André Michel a une particularité qui l'a suivi tout au long de sa carrière et qui le suit encore. Il a toujours su s'intégrer au milieu qu'il veut peindre et à ce niveau, il rejoint les plus grands artistes de ce monde. Pour moi, son œuvre québécoise a une âme, celle du peuple montagnais. Comme j'appartiens à ce peuple, j'appartiens également à cette peinture; je m'y reconnais et je reconnais en elle, mes frères.

Cet artiste n'est pas un voyageur comme semblent l'être parfois les photographes ou les ethnologues, anthropologues, archéologues et même les touristes qui nous visitent et cela sans vouloir discriminer qui que ce soit. C'est un établissant un parallèle entre André Michel et ces autres non-autochtones que j'ai compris toute la profondeur de sa démarche.

Au-delà de l'image, il y a la cruauté de déclic de l'appareil photo qui perce littéralement la vie de tous les jours, saisissant sur pellicule les qualités et les défauts des individus et d'un mode de vie, sans discernement. Pour sa part, la création picturale d'André Michel a permis une approche plus «civilisée», plus discrète, tout en douceur, dans laquelle il a su délaisser les détails superflus ou mensonger pour mettre l'accent sur une interprétation honnête de ce qu'il voyait.

André Michel n'est cependant pas un peintre qui cache ou tente de cacher quelque chose. Il voue une admiration sans borne pour mon peuple et cela se voit. Pour certains d'entre nous, il a amené à connaître davantage qui nous sommes, pourquoi nous sommes et comment nous sommes. Rien que pour cela, André Michel aurait raison de dire que son œuvre a contribué à faire connaître le peuple montagnais, tel qu'il vivait autrefois et tel qu'il vit aujourd'hui. Dans ce domaine, il est passé maître et il est aujourd'hui une référence importante pour mon peuple.

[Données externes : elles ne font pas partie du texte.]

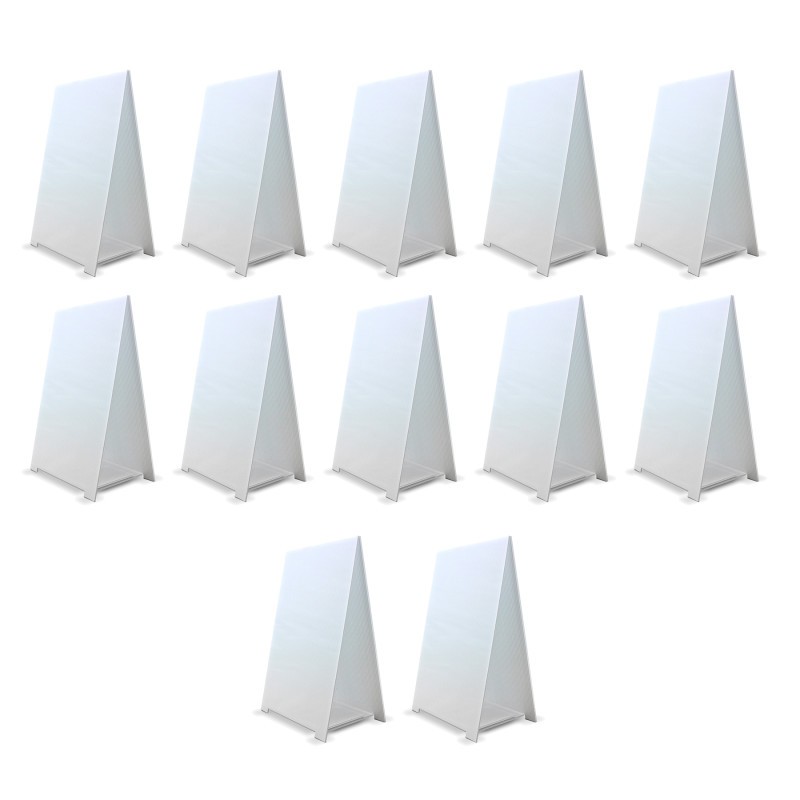 Our versatile tabletop corrugated plastic dry erase easel is the ideal solution for showcasing announcements, menus, and messages with ease. Crafted for durability and convenience, this easel is both sturdy and lightweight, providing a compact display that effortlessly fits onto any desktop setting. Made from 100% recycled and recyclable corrugated plastic, it aligns with eco-friendly values. The thoughtful design makes it easy to transport and the ability to fold flat for efficient storage. With dimensions of 11"H x 17"W x 8"D, this easel strikes the perfect balance between functionality and space-saving necessities. Pack of 12.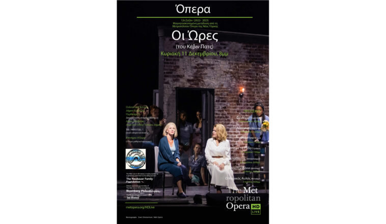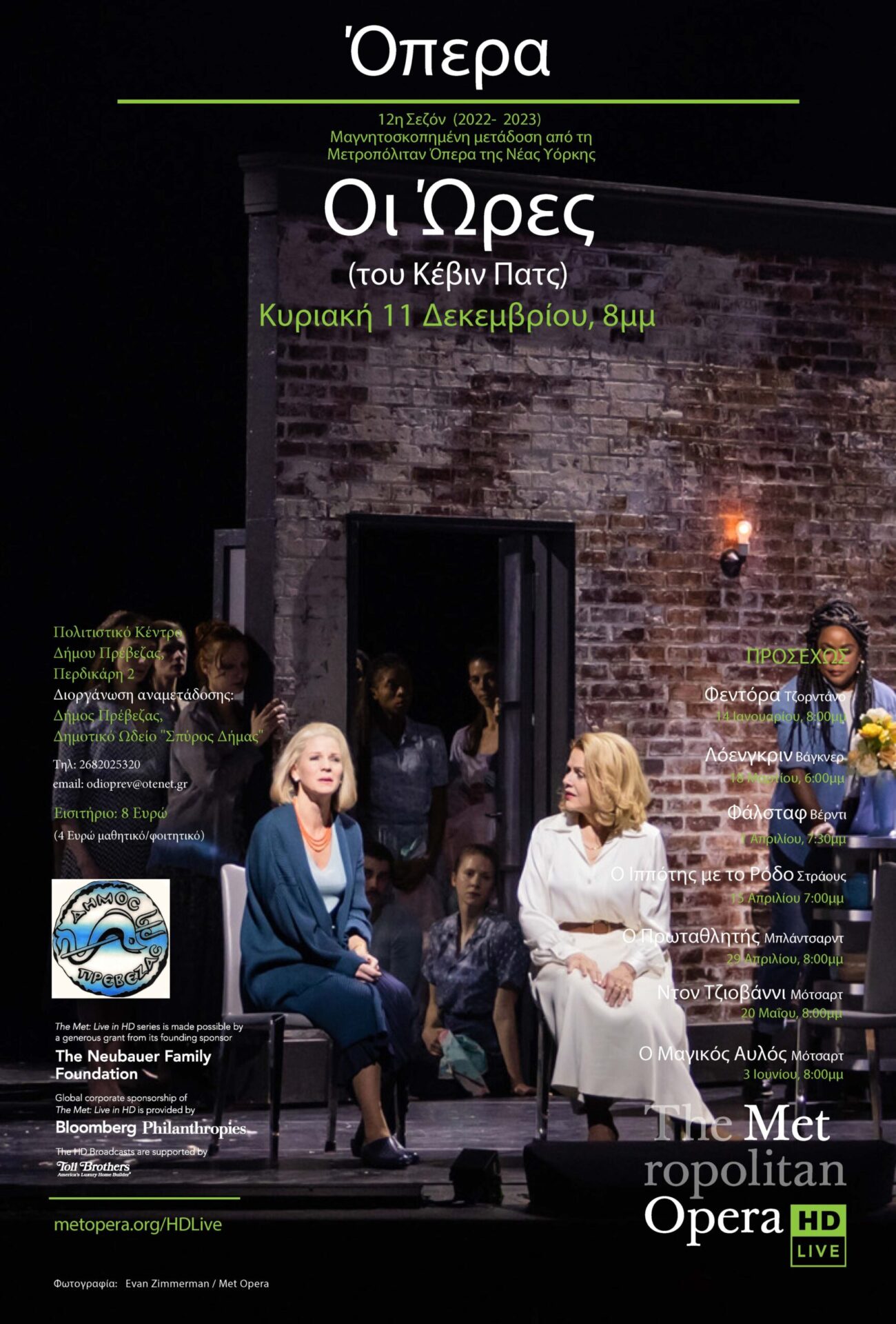 Οι μεταδόσεις από τη Μετροπόλιταν Όπερα της Νέας Υόρκης, που διοργανώνει και παρουσιάζει στην πόλη μας το Δημοτικό Ωδείο Πρέβεζας «Σπύρος Δήμας» συνεχίζονται την Κυριακή 11 Δεκεμβρίου στις 8μμ με την πολυαναμενόμενη όπερα του Κέβιν Πατς «Οι Ώρες».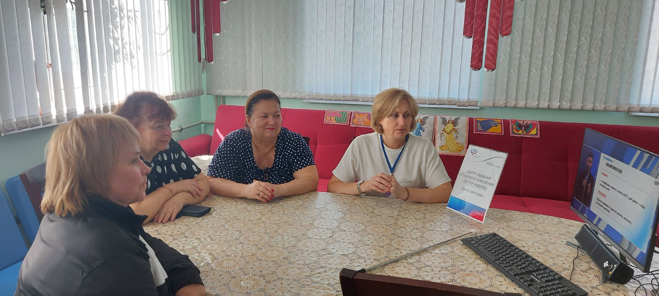 Гостей познакомили с работой центра, в котором граждане " серебренного" возраста устанавливают дружеские контакты, поддерживают активный образ жизни, с интересом и пользой проводят время, участвуют в различных мероприятиях, турнирах, соревнованиях, викторинах, смотрят любимые фильмы, совместно читают книги, проводят мастер-класс по рукоделию, посещают музеи, выставки, играют в компьютерные игры, принимают участие в обучающих лекциях.

Personnellement, j'ai toujours été impressionné par les visages d'André Michel. Il a su peindre le sourire inquiet, la tristesse heureuse, la nonchalance intéressée. Comme clair-obscur, il a su lire l'intérieur. Ses visages ont quelque chose de magique, de spirituel. Je ne sais comment les décrire, sinon par le fait que nous y lisons l'âme des gens.

Et toute cette simplicité! Les vêtements salis ou déchirés, les bouteilles de bière et de coca-cola, les cartes de bingo et l'éternelle cigarette. C'est le peuple que je connais. C'est mon peuple que je reconnais dans chacun des détails. C'est son âme qui transpire. Et que dire des outils, des scènes de dépeçage et de tentement? Ne s'agit-il pas là de notre quotidien?

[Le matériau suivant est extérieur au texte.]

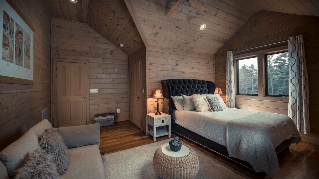 Bear suite: Master bedroom complete with its own lounge area and large bathroom with soaking tub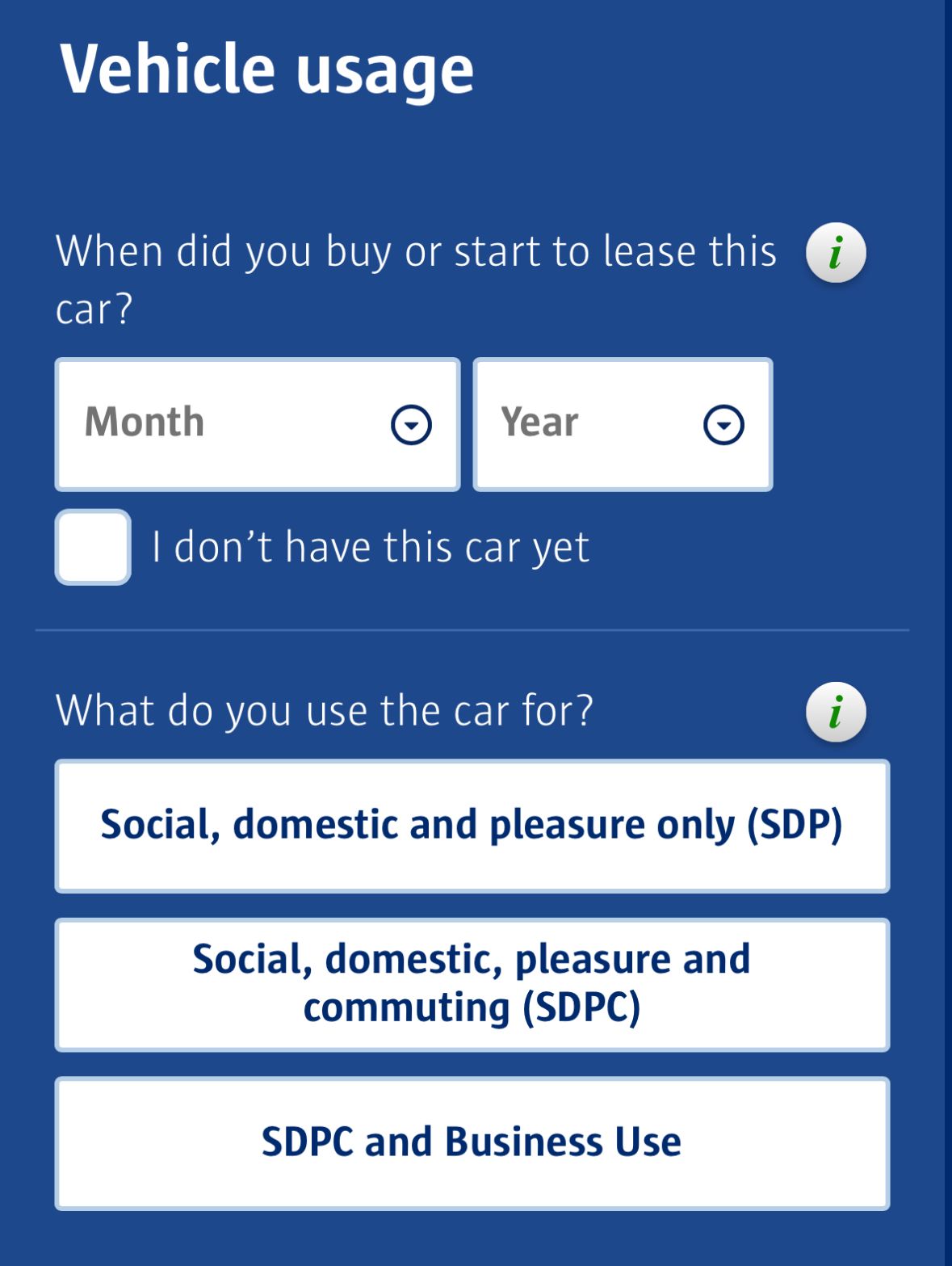 Vehicle usage relates to whether you’re covered for commuting or not (the clue is surely in the name!).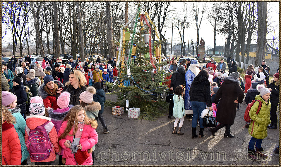 Дід Мороз і Снігуронька, фото на згадку, Чернівецький район персонажі святкової новорічної вистави, район Чернівецький Чернівецький районний Будинок культури, смт Чернівці новорічна ялинка у Чернівецькому районі Дід Мороз і Снігуронька

L'œuvre d'André Michel est un véritable cri de l'intérieur. Non pas nécessairement de l'intérieur de l'artiste lui-même, mais bien de l'intérieur d'un peuple, l'intérieur d'un territoire, d'un continent, à travers un artiste qui, quelque part, a ressenti les même choses et a vécu au rythme des autres.

Comme au temps des explorateurs, ce «Français» a transporté avec lui un miroir, non pas pour l'échanger contre des fourrures, mais bien pour que nous puissions nous y voir. Et c'est ce miroir de l'âme qu'il brandit fièrement, faisant ainsi connaître les Montagnais sous un jour différent, original et empreint d'émotion et de vérité.

C'est grâce à l'objectivité de sa personne et de sa démarche que le peintre André Michel en est venu à si bien décrire qui nous sommes. Plus encore, par ce talent inné qui permettra aux générations actuelles et à venir, de vibrer au rythme de peuple montagnais, mon peuple, notre peuple.

Pierre Gill, auteur Innu

Extrait du livre Les Indiens montagnais du Québec : entre deux mondes, Édition Sépia, Musée de l'Homme, Paris 1995.